Number 13
My eldest son, Kendall is thirteen years old. He and his eleven year-old brother, Kamden, choose to wear the number thirteen on their soccer and baseball jerseys. Bucking the societal belief that thirteen is an unlucky number, they have set out to prove, if only in their own minds, that a number is just what you make of it.
James, age four and a half, sitting on the left in the below photo,1 and his little brother Joey, age three, represent the millions of children in developing countries around the world. These may not be their real names or their real histories, but for these two boys, it is very real that thirteen may be an age they never see. For them and for ten million children a year in developing countries, thirteen is the number of times they are more likely to die within the first five years of2 their lives than children like Kendall and Kamden who are born in industrialized countries. They may also be two of the 29,000 children under the age of five who die today around the world. Or, they may be two of the twenty-one children under the age of five who die each minute, mostly in developing countries, of mainly treatable causes.3
James and Joey live on the other side of the globe from my boys. Their lives, their communities, their families, and their futures are vastly different than Kendall’s and Kamden’s. How can they buck the system and change their relationship to the number thirteen? How can they look at the number five, the number twenty-one, and the number 29,000 and set out to prove that a number is only what you make of it?

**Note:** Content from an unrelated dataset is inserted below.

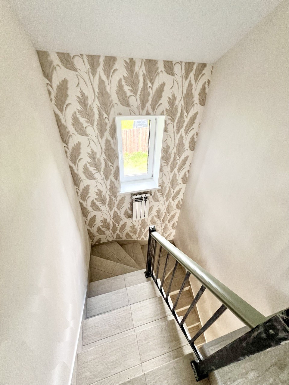 Второй этаж: три спальни, большой санузел с видом из окна.

The United Nations hopes to make this possible for James and Joey through the success of the Fourth Millennium Development Goal (MDG4). One hundred and ninety-two United Nations member states and at least twenty-three international organizations have agreed to achieve this goal and seven other Millennium Development Goals (MDGs), begun in 1990, by the year 2015.4
The fourth MDG’s target is to reduce by two-thirds the number of deaths in children under the age of five by 2015.5 In 1990, the number of deaths per 1,000 live births was 93. The 2015 target number is 31 out of 1,000. As of 2008, the number of deaths per 1,000 live births is 65.6 Five years remain to reduce the current number by more than half.